Un uomo temporaneo: la chiave per porsi domande e cercare risposte

“Non cambierai mai le cose combattendo la realtà esistente. Per cambiare davvero qualcosa, costruisci un nuovo modello che renda obsoleto quello attualmente in vigore.” Non credo esistano parole migliori di quelle dell’architetto Buckminster Fuller, per sintetizzare il messaggio di “Un uomo temporaneo”, l’ultimo libro del nostro amico Simone Perotti (edito da Frassinelli).

Un uomo temporaneo: la chiave per porsi domande e cercare risposte

In generale, credo che per qualificare una qualsiasi opera d’arte, il prerequisito essenziale sia la sua “non esauribilità”, una volta che abbiamo interrotto il contatto sensoriale con essa. In base a questo presupposto, un’opera è definita artistica se continua anche dopo la fine. Se mantiene cioè un rapporto interlocutorio con chi l’ha sperimentata, anche dopo che la mera esperienza percettiva sia esaurita. Una scultura, un dipinto, un edificio, un film, un panorama: quanto resta di essi, dopo che non ci troviamo più al loro cospetto? E’ mutato qualcosa, in noi, dopo essercene fatti rapire? E per quanto tempo? E come?

In base a questa personalissima definizione, il libro di Simone (che volutamente non definisco né “romanzo”, né “saggio”) è indiscutibilmente un’opera d’arte. Quando l’ho chiuso, al termine di una sua vorace lettura durante una tratta ferroviaria Torino – Reggio Emilia, mi sono chiesto: “E adesso… che si fa?”

Ricordo di aver sperimentato una simile sensazione solo dopo aver visto per la prima volta quello che considero il capolavoro assoluto della storia del cinema, il “2001” di Kubrick. Un film che, a quasi cinquant’anni dalla sua uscita, riveste un significato – almeno per me – tuttora irrisolto.

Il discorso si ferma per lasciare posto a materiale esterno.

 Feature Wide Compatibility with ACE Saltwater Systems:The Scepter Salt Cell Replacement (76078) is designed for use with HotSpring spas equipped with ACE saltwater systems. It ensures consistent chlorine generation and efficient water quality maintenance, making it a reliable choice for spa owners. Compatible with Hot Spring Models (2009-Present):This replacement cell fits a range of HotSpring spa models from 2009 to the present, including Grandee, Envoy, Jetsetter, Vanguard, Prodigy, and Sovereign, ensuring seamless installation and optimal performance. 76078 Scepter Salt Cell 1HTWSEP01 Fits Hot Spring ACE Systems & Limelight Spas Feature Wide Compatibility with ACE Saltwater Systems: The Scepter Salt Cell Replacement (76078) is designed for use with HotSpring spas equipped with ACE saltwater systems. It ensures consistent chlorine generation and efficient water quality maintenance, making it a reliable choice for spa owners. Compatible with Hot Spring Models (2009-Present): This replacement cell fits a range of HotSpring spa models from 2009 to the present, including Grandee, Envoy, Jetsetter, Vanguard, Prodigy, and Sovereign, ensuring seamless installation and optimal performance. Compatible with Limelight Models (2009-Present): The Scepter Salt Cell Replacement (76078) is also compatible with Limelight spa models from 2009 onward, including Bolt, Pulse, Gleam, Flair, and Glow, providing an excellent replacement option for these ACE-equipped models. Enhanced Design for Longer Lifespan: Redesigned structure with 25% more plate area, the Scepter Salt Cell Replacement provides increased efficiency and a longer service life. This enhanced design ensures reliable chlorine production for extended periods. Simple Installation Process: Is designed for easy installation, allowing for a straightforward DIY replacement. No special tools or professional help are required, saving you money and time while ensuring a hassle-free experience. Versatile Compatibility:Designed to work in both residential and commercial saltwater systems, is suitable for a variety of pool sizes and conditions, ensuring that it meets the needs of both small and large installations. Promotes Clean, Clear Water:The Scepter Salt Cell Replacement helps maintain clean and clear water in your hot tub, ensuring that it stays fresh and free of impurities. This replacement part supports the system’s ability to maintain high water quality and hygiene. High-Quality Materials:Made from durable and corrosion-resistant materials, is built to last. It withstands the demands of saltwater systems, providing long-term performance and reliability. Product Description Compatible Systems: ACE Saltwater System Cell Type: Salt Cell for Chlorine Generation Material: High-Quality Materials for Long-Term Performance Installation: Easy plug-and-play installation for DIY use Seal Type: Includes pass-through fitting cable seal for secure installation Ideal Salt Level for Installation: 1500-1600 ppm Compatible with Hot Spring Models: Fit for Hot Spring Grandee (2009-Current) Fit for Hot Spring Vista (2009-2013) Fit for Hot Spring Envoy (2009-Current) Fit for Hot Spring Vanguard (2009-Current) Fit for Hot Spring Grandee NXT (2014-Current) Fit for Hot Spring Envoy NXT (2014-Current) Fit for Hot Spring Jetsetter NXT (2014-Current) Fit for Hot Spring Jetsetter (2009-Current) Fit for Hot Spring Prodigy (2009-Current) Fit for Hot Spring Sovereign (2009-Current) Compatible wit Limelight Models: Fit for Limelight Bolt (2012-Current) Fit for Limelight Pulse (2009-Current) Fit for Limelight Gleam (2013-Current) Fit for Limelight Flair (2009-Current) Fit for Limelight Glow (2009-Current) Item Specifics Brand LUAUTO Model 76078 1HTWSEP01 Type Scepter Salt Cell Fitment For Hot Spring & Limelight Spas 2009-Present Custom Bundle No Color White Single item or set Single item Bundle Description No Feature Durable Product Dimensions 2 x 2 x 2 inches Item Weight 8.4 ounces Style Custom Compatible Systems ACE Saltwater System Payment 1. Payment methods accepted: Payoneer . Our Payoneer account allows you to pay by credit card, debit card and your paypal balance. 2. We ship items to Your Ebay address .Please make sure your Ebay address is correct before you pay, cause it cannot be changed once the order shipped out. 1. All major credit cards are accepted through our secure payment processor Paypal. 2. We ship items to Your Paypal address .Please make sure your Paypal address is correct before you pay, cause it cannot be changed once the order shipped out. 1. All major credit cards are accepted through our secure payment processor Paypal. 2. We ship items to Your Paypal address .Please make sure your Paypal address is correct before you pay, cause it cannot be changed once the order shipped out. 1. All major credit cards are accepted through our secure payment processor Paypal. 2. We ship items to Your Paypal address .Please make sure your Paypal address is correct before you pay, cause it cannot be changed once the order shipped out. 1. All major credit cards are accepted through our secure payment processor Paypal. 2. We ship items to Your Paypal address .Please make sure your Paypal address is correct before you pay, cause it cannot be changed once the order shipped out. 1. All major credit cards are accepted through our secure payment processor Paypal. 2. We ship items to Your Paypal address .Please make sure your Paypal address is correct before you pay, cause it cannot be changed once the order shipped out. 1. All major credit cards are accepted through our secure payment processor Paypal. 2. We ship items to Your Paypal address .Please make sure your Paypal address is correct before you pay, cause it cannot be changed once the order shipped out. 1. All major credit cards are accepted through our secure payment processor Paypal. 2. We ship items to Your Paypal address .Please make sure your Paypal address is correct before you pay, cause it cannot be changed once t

“Un uomo temporaneo” è la storia umana e professionale di Gregorio, una persona come molti di noi. Se non fosse che viene connotato con un nome proprio maschile, di Gregorio potremmo benissimo ignorare persino il sesso. Gregorio, lo si intuisce fin dalla prima pagina, rappresenta infatti soltanto l’epigono di una trasformazione interiore e, quindi, sociale: la metamorfosi del protagonista da un’asfissiante mentalità contemporanea capace solo di inibire ogni senso e ogni significato, fino alla svolta finale. Travolto dalla grigia ordinarietà di quella che potremmo definire come l’economia del criceto (la spirale mortale del “lavorare per guadagnare per consumare per produrre”), Gregorio acquisisce progressivamente una chiara e lungimirante percezione del sé, proprio a partire dall’istante in cui la minaccia del suo licenziamento si rende per la prima volta concreta.

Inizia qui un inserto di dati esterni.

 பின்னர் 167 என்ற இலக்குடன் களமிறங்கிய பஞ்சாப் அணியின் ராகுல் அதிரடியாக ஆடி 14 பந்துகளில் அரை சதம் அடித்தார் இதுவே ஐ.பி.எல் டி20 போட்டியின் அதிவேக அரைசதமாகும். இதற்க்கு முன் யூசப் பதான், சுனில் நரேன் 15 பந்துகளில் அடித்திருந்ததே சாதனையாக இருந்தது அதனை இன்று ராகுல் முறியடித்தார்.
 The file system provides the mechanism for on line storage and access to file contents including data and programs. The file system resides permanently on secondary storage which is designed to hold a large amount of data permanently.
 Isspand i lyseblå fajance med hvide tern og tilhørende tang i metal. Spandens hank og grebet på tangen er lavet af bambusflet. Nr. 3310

Da quel momento, si scatena – incredibilmente senza proclami e senza colpi di scena – l’epopea di una persona che ha deciso (consapevolmente o meno, non è questo il punto) di applicare alla lettera la massima di Buckminster Fuller, decostruendo il sistema economico vigente, per azzannarlo, sbranarlo, masticarlo, deglutirlo, digerirlo e trasformarlo. La sua è una fame, crescente e silenziosa, di ri-pensamento dell’intera organizzazione imprenditoriale umana, che coinvolge progressivamente colleghi, prassi operative, organigrammi aziendali e processi produttivi, per insinuare nel modello in vigore quella rivoluzione “da dentro” che non potremo mai aspettarci dalle sovrastrutture precostituite.

Grazie ad uno stile narrativo stupefacente e a tratti spiazzante, che oscilla tra l’apnea delle atmosfere Kafkiane e la plasticità introspettiva di Camus (evidenti i riferimenti a “La metamorfosi” e “Lo straniero”), Gregorio esprime con metodica e meticolosa precisione un vero e proprio inno all’azione: una missione, non dichiarata ma comunque totalizzante, che ha lo scopo di cambiare le persone per cambiare il mondo che queste abitano. Aliena da emotività ed istinti, la vicenda di Gregorio si srotola con asciutta ed essenziale determinazione, venendo così a rappresentare – forse senza nemmeno volerlo – un nuovo modello di leadership latente, in grado di accomunare le persone ed ispirarne i comportamenti.

Un testo certamente profondo e profetico, destinato ad essere affrontato su diversi piani, tutti talmente lucidi e visionari da costringerci – non senza un qualche imbarazzo – a chiederci se… siamo davvero pronti.